Introduction to Generative AI
Generative AI as we know it is very prominent in daily life activities. Dr. Bo Xiao, a college of business faculty member specializing in Construction Informatics, AI Applications in Construction, and Construction Robotics research explores the ideas of Generative AI and its uses in the workspace.
According to Dr. Xiao, construction is an interesting field for AI research because it involves real-world problems such as safety, scheduling, cost control, quality management, and on-site decision-making. Due to the nature of construction zones, projects are unique and dynamic. Because of this, exploring these ideas for the implementation of Generative AI in construction zones becomes challenging.
When comparing Generative AI in its current form to its early stages of development, various ideas and new understandings of the topic come to light. Generative AI helps brainstorm topic ideas, knowledge retrieval, report generation, etc. Generative AI can be helpful to students interested in Building Information Modeling (BIM) course materials and/or provide help to practitioners to swiftly locate OSHA (Occupational Safety and Health Administration) safety regulations.

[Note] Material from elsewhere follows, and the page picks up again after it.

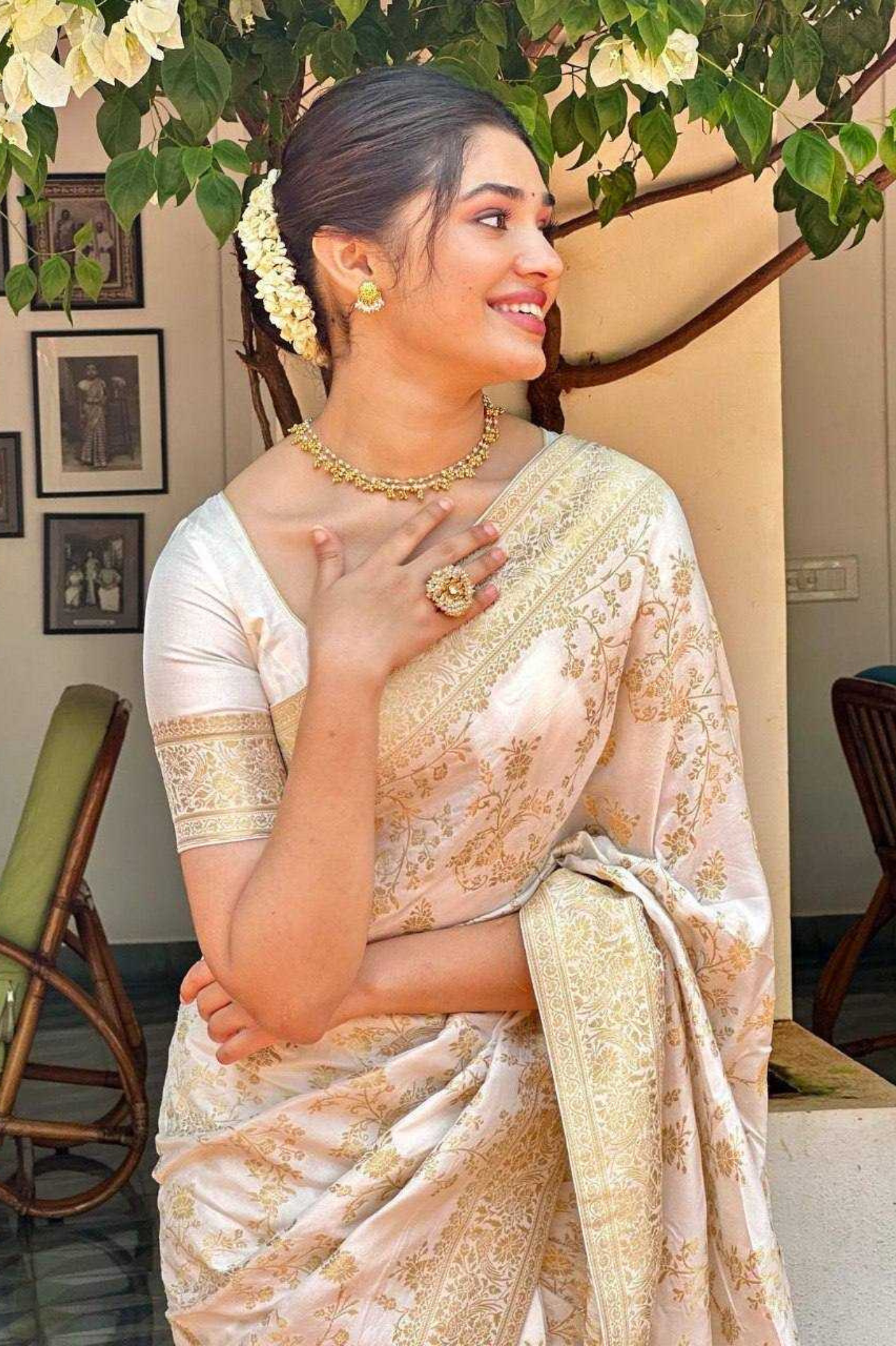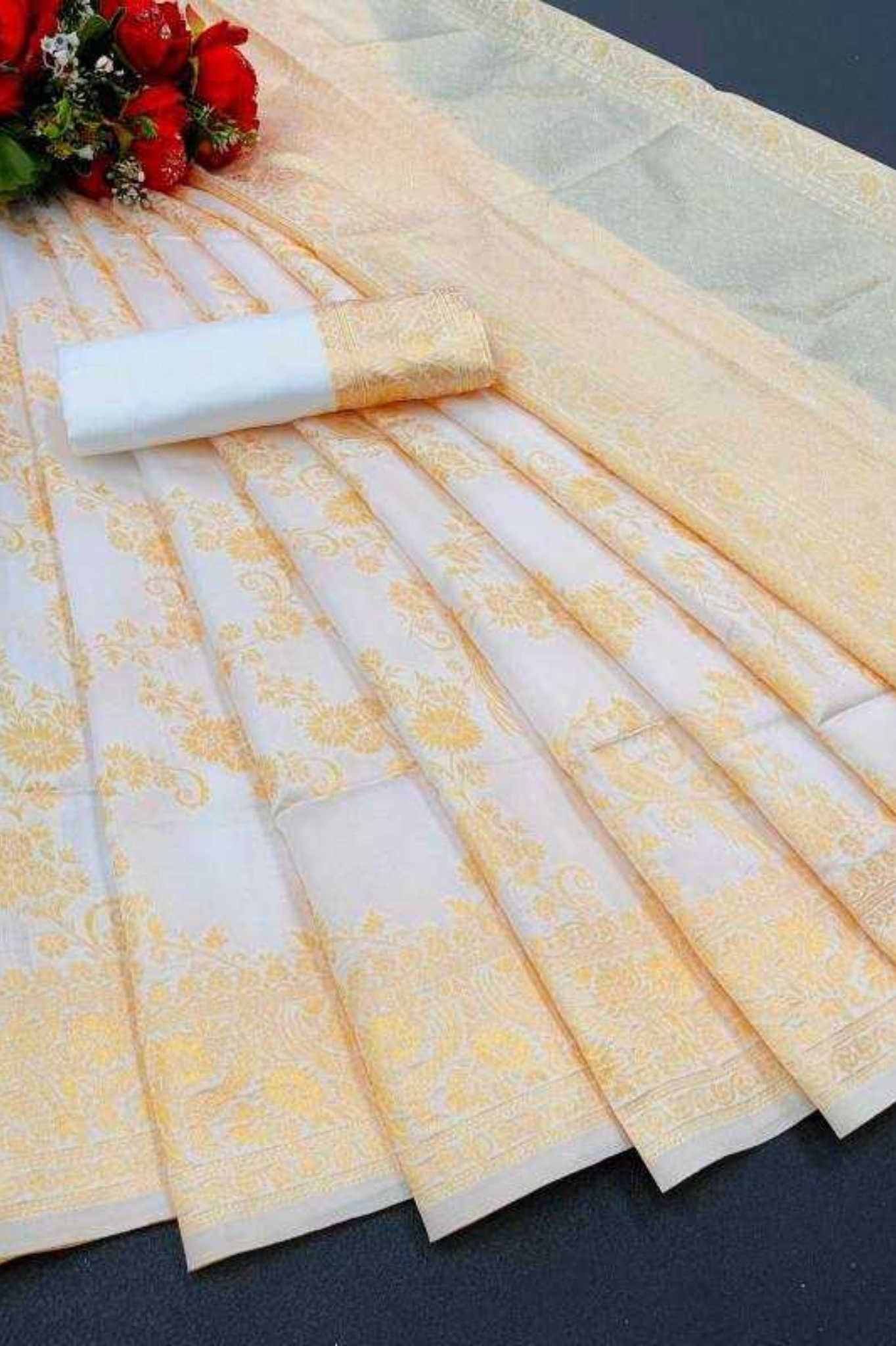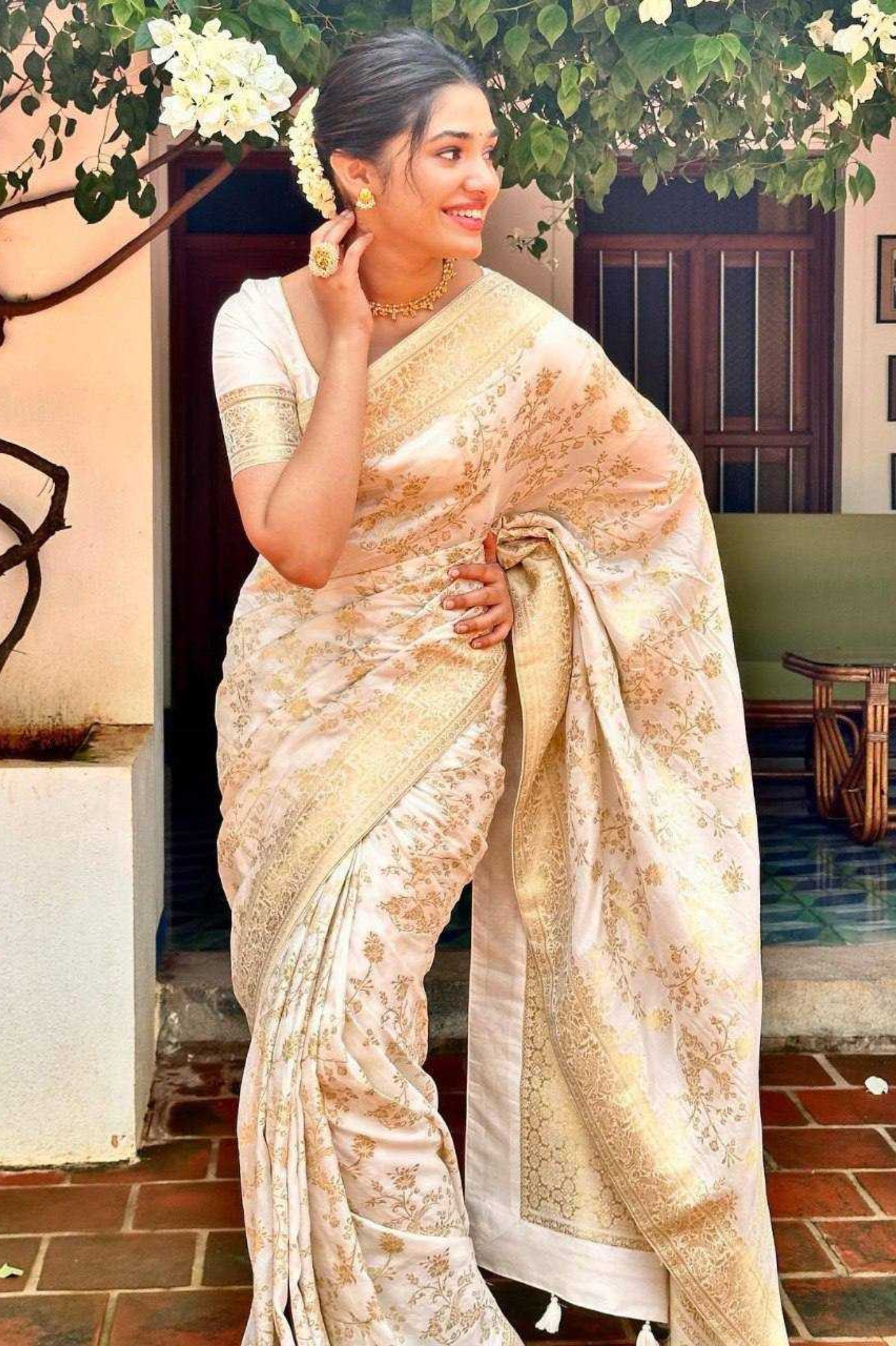 Soft Lichi Silk Cream Saree with Elegant Jacquard Weave
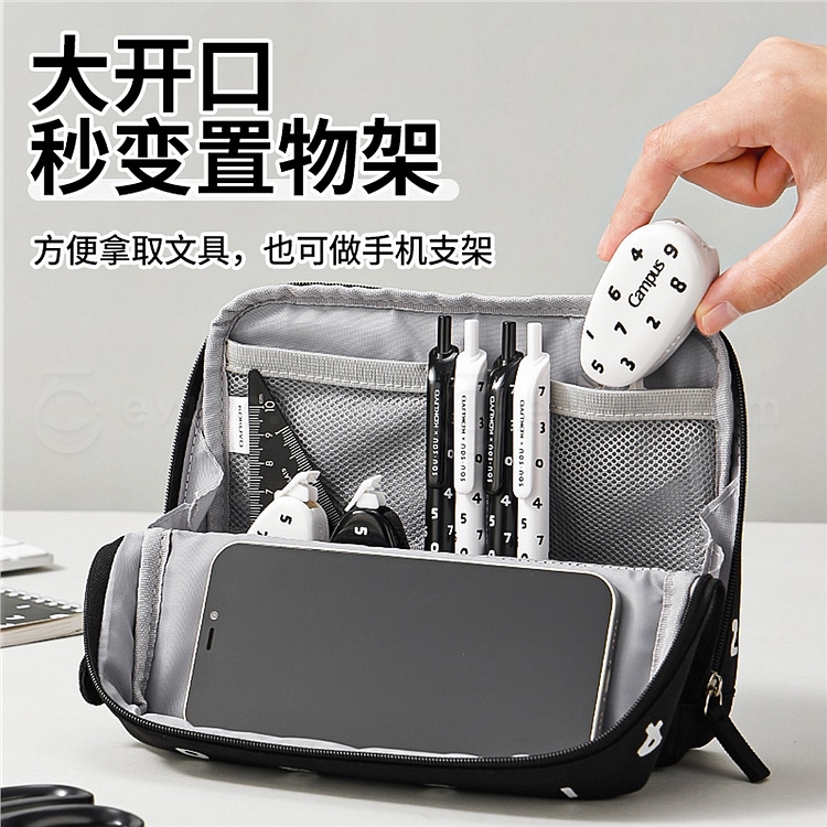 国誉 Campus网格收纳笔袋 (黑色) 小号 WSG-PC302D

Dr. Xiao provides insight into the future of Generative AI, mentioning that it could become much more integrated into construction management and field operations ten years from now. “By combining BIM, sensors, robotics, scheduling data, and safety information, AI systems may evolve into intelligent project assistants that can proactively identify risks, recommend construction strategies, support resource allocation, and even collaborate with robotic systems on site.” (Dr. Xiao, 2026). To ensure AI practices are implemented correctly, it is important to understand all potential risks of this process and how AI systems can be grounded to avoid any unrestricted responses.
Implementational Risks of Generative AI in Construction
Due to the nature of construction zones being a high-stakes industry, inaccurate responses from AI systems can be detrimental. Generative AI may provide misleading and/or inaccurate responses leading to financial losses and even injuries. “In my research, I focus on grounding AI outputs in verified sources through retrieval-Augmented Generation (RAG). This means the system answers questions based on trusted materials such as course content, OSHA regulations, or project documents.” (Dr. Xiao, 2026). AI systems must provide correct citations in order for the users to trace where information is coming from. When environments become high-risk, human review and the implementation of validation mechanisms would still be necessary. This would allow AI to act as a support to professional decision-making rather than replacing it entirely.
Another concern includes bias and poor-quality training; the data poses as a concern when implementing AI systems in construction zones. AI models trained in one specific area of construction work would not operate well in situations that are unfamiliar to its training. Construction data frequently contains noise such as incomplete reports, unclear site images, or missing incident records. As a whole, these issues affect the reliability and overall fairness of Generative AI systems.
Dr. Bo Xiao’s Research
Dr. Xiao’s research includes Construction Education; AI-supported learning platforms created for BIM and other construction-related courses, and Construction Safety Knowledge Access; Retrieval-Augmented Generation (RAG) systems built around OSHA regulations to support safety-related information retrieval.
He studies the ways in which Generative AI can be integrated into multi-agent systems, learning science, and construction data management. He states that the AI systems he works with learn from verified domain-specific materials. E.g. course slides, PDFs, BIM educational content, OSHA safety regulations, construction safety documents, and structured question-answer datasets. “As these systems continue to enhance their learning in real-world construction projects, they can incorporate daily resorts, inspection records, BIM models, sensor data, and project management documents, ensuring these datasets are carefully cleaned, organized, and validated before being used.” (Dr. Xiao, 2026).
The Future of Generative AI in Construction
Fragmented knowledge remains one of the biggest risks. Information spread across specifications, drawings, reports, and personal experiences makes it difficult to access and reuse in an efficient manner. Dr. Xiao mentions that it is not enough to evaluate whether AI systems can produce fluent responses. But rather, whether it can improve decision-making and provide support to actual workflows. Currently, he is focusing on RAG frameworks, multi-agent architectures, citation verification, and instructional interaction design.
“In real construction environments, usefulness should also be measured by whether the system reduces errors, improves efficiency, supports safety awareness, and fits naturally into existing work processes.” (Dr. Xiao, 2026).
He aims to adapt existing large language models instead of training completely new AI models from scratch. Training foundation models would require large computational resources. “In construction, the bigger challenge is not usually the model itself, but how to connect the model with reliable domain knowledge.” (Dr. Xiao, 2026).
While Generative AI presents new opportunities for construction education, safety, and project management, its effectiveness ultimately depends on how it is developed and implemented. By balancing innovation with responsibility, Generative AI has the potential to become a valuable tool in shaping the future of construction management and workplace safety.